Various etiologies for idiopathic environmental intolerances have been proposed, which have prompted different diagnostic and treatment approaches. An unrecognized form of allergy or immunologic hypersensitivity is a commonly proposed etiology. Advocates for this etiology may recommend a large series of immunologic tests, including a variety of provocation-neutralization tests and a panel of immunologic tests, including immune function tests, and levels of lymphocyte subsets (i.e., natural killer cells, CD8 cells). Proposed therapies have included avoidance of exposure, either in the environment or in the diet. IVIG may be recommended for injection or sublingual drops of "neutralizing" chemical and food extracts. Others have proposed exposure to toxic substances may have prompted the immunologic abnormality and based on this theory, testing of levels of environmental chemicals in the blood, urine, or fat may be suggested. It has also been proposed that idiopathic environmental illness is a manifestation of a psychiatric disease or personality disorder. Studies supporting this cause may include brain imaging studies (including PET scans) or psychologic/psychiatric interviews. In some instances, symptoms may appear to coincide after exposure to a viral illness (particularly common with chronic fatigue syndrome); supporters of this theory may recommend a wide variety of tests to detect antibodies or antigens of various viruses. Finally, some have suggested that hypersensitivity to Candida may present with a similar array of subjective complaints, and thus recommend testing for Candida in the stool or urine.

Candida albicans is a fungus normally present on the skin and in the mouth, intestinal tract, and vagina. Under certain conditions, it can multiply and infect the surface of the skin or mucous membranes. However, some practitioners claim that even when clinical signs of infection are absent, yeast-related problems (referred to as candidiasis hypersensitivity) can cause or trigger multiple symptoms such as fatigue, irritability, constipation, diarrhea, abdominal bloating, mood swings, depression, anxiety, dizziness, unexpected weight gain, difficulty in concentrating, muscle and joint pain, cravings for sugar or alcoholic beverages, psoriasis, hives, respiratory and ear problems, menstrual problems, infertility, impotence, bladder infections, prostatitis, and "feeling bad all over."

It should be noted that some environmentally caused illnesses can be characterized by their clinical presentation and laboratory tests. For example, in certain instances "sick building" syndrome can be traced back to exposure to microorganisms related to air-handling systems. However, in contrast to idiopathic environmental intolerances, these individuals experience a limited range of symptoms, and they occur in or are triggered by the affected building only.
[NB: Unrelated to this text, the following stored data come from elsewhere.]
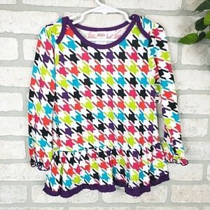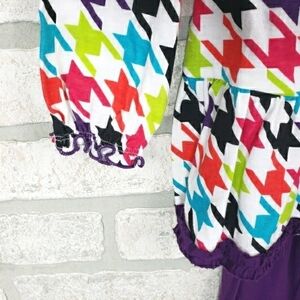 FISHER-PRICE Matching Set Shirt & Pants Size 4T. The top has a colorful geometric pattern throughout with bottom ruffles and elastic cuffs on sleeves with matching solid purple pants. Excellent condition. *New*
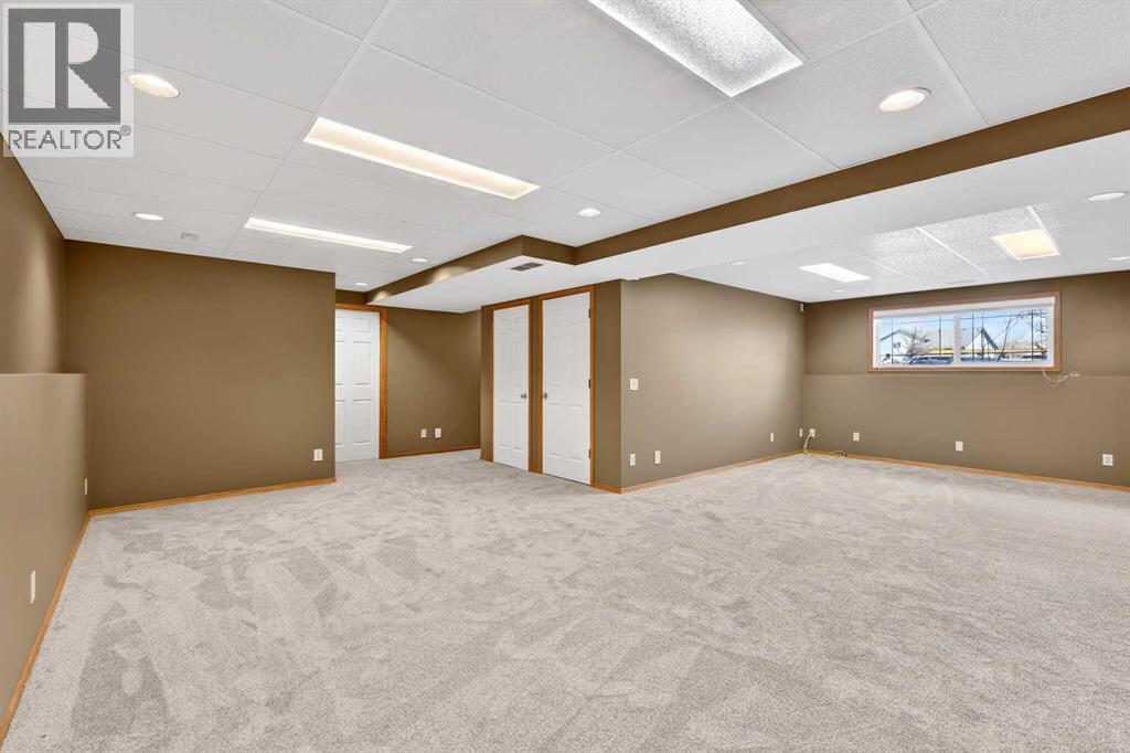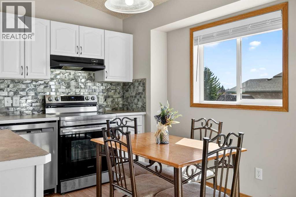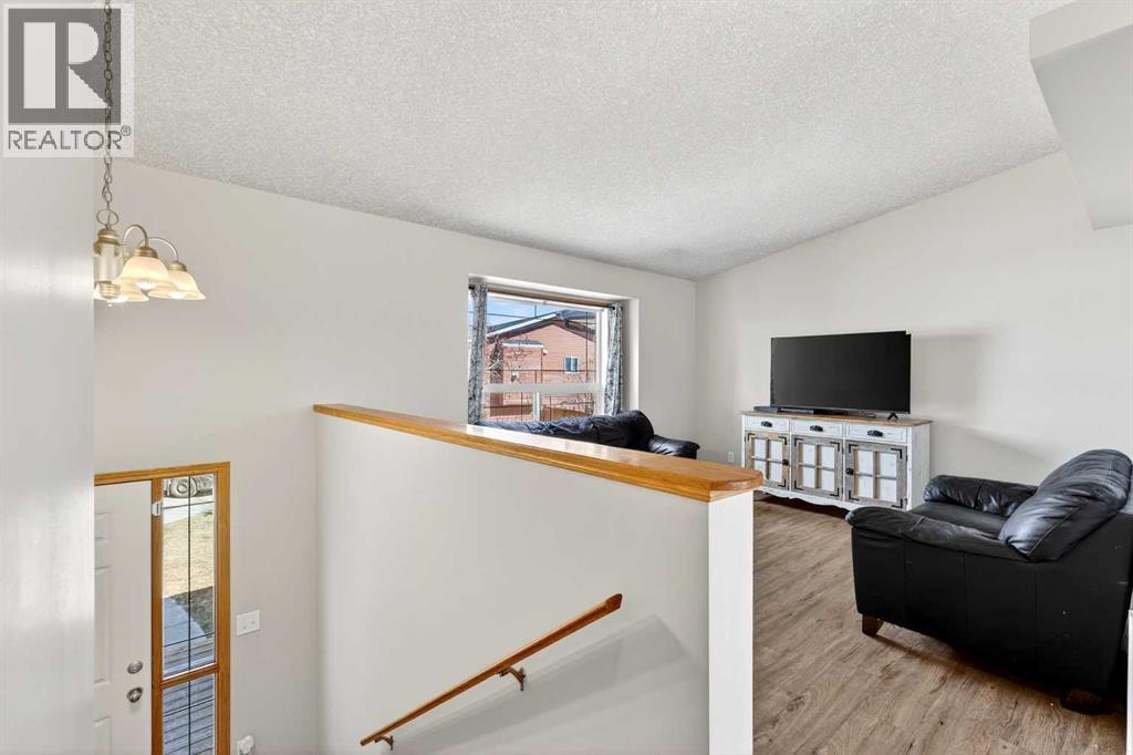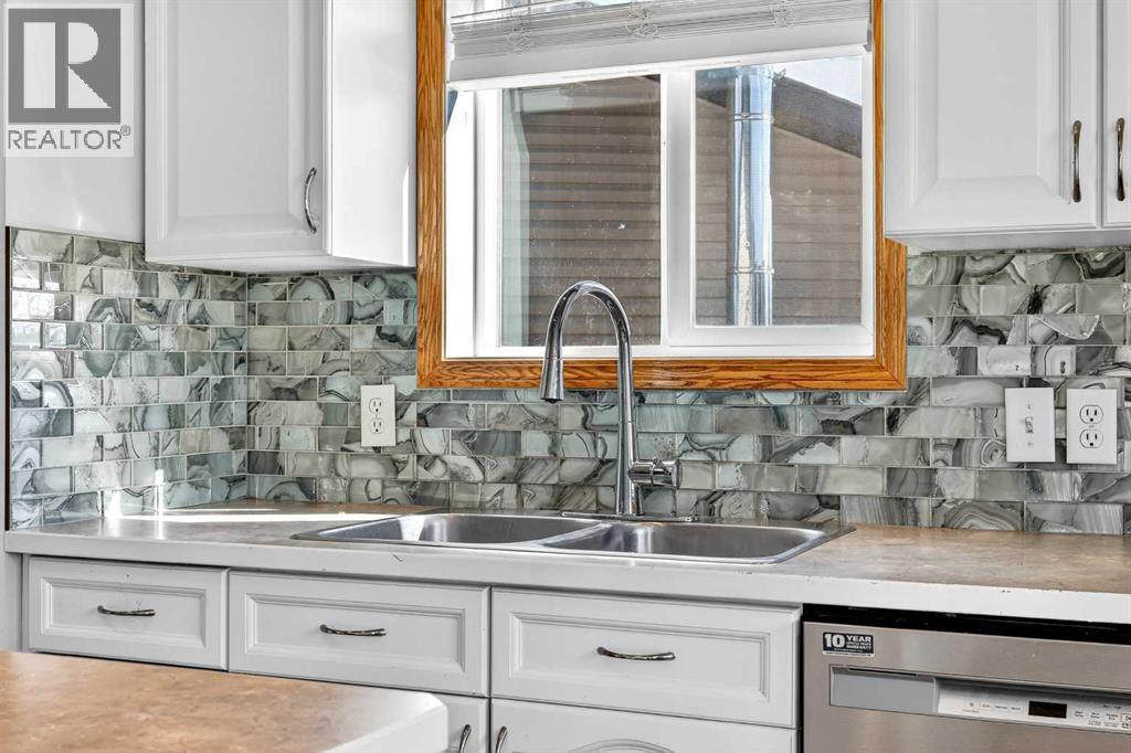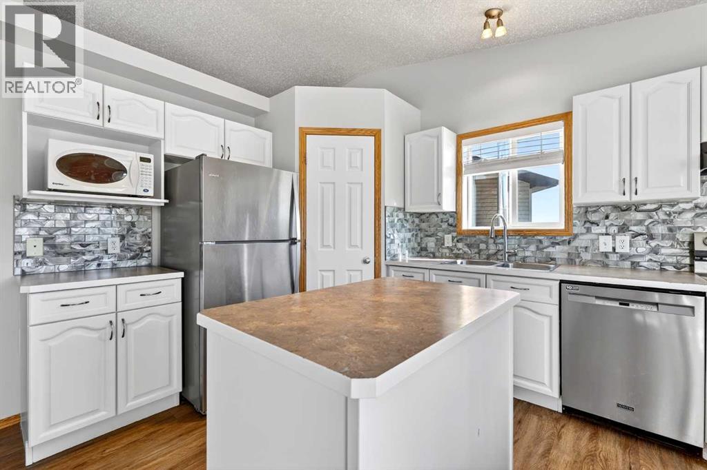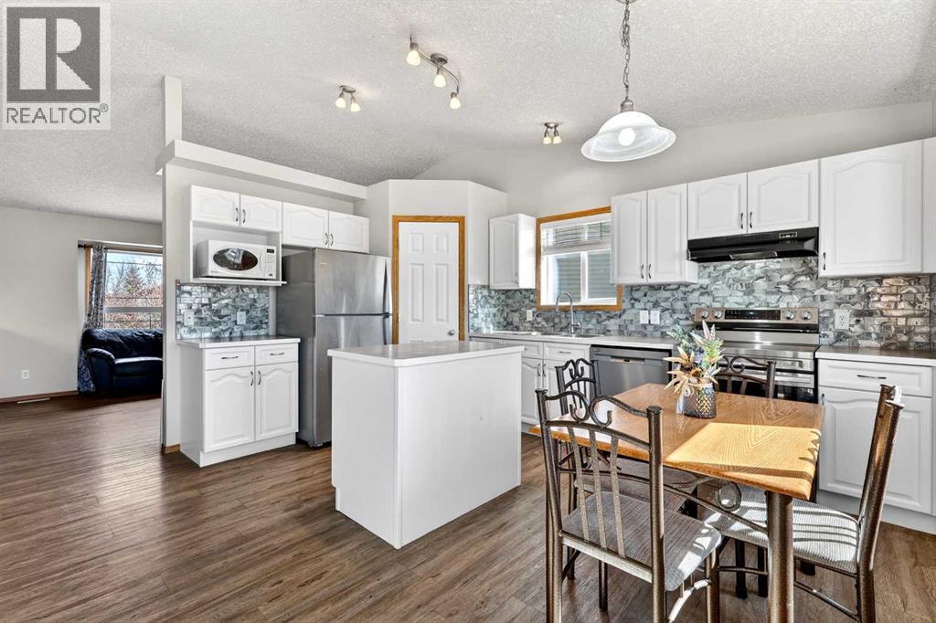 This fully finished bi-level is just what you’re looking for. Perfectly located on a quiet cul-de-sac in the established community of Strathaven close to multiple schools and all of Strathmore’s amazing amenities, this is a home your family can grow into. The bright and sunny main floor has vaulted ceilings, large windows and vinyl plank flooring throughout the living area. In the spacious kitchen you’ll enjoy popular bright white cabinetry, tile backsplash, stainless steel appliances, centre island and a corner pantry for extra storage. A nice sized attached dining area plus access to your back deck add to the overall functionality of the space. You’ll find 3 bedrooms on this main level including a spacious primary with a separate closet and cheater access to the main bath. The bedrooms all have newer carpet and the shared bath has a full tub which is a must for little ones. The fully finished lower level provides endless opportunities as the ultimate teen hangout, family games room or whatever suits your needs. A 4th bedroom and full bath make it a self contained area for your teenager or guests to call their own. This terrific home is located on a prime pie-shaped lot with back alley access allowing you to park your RV or build your dream garage. The SW facing backyard is fully fenced with an upper deck off the kitchen for your grill, a ground level deck for lounging, flower beds, mature trees and lots of room for kids and pets to play. This well maintained home is freshly painted throughout and boasts the luxury of central air conditioning. The lower level has new carpet, the hot water tank was replaced 3 years ago and you won’t need to worry about the roof as the shingles are only 1 year old. This home offers so much value and you’re going to love living in Strathmore where you’ll enjoy a small town feel without sacrificing access to amenities. Book your showing and see why you get more in Strathmore. (id:63190)
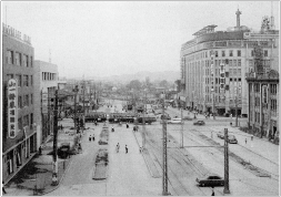 中でも天神町の福博電気軌道線(現在の明治通り)と交差する「天神交差点」や「渡辺通り」沿線は未曾有の大発展を遂げて現在に至ります。與八郎の功績の中で最大の先見性は、天神交差点と「天神町停留所」を造ったことかもしれません。というのも、先に開業していた福博電気軌道には「天神町」停留所は存在しなかったからです。交差点が誕生し2つの軌道の乗り換え地点となった事により、官庁や学校しかなかった天神が繁華街への第一歩を記しました。「渡辺通り」という名称は、彼の功績を讃え彼の人柄を慕った人々が、彼の死後に名づけたものです。(終)

Laboratory tests for the diagnosis of idiopathic environmental illness may be broadly subdivided into those intended to rule out specific diseases with well-defined presentations and diagnostic criteria, including those tests designed to affirm the diagnosis of idiopathic environmental illness. For example, a basic diagnostic work up, including a standard panel of chemistry tests and blood work up, would be considered appropriate as an initial diagnostic step, even in individuals with non-specific symptoms, to rule out well-defined illnesses. Additional tests may be appropriate in individuals with more specific symptoms suggestive, for example, of an autoimmune connective tissue disease or infectious mononucleosis. However, at the present time, no specific tests can confirm the diagnosis of idiopathic environmental illness, and thus a large battery of tests performed for an individual with non-specific symptoms must be reviewed carefully. For example, the following should be reviewed closely, particularly when ordered simultaneously: laboratory tests of immune function (that is, lymphocyte transformation), lymphocyte subsets (that is, natural killer cells, CD4, CD8, etc.), immunoglobulin levels (IgG, IgE, etc.), levels of trace minerals in the serum, hair or urine (that is, selenium, manganese, mercury among others), antibodies for a variety of infectious agents simultaneously, allergy services (including provocation testing), PET scans, or neuropsychological testing.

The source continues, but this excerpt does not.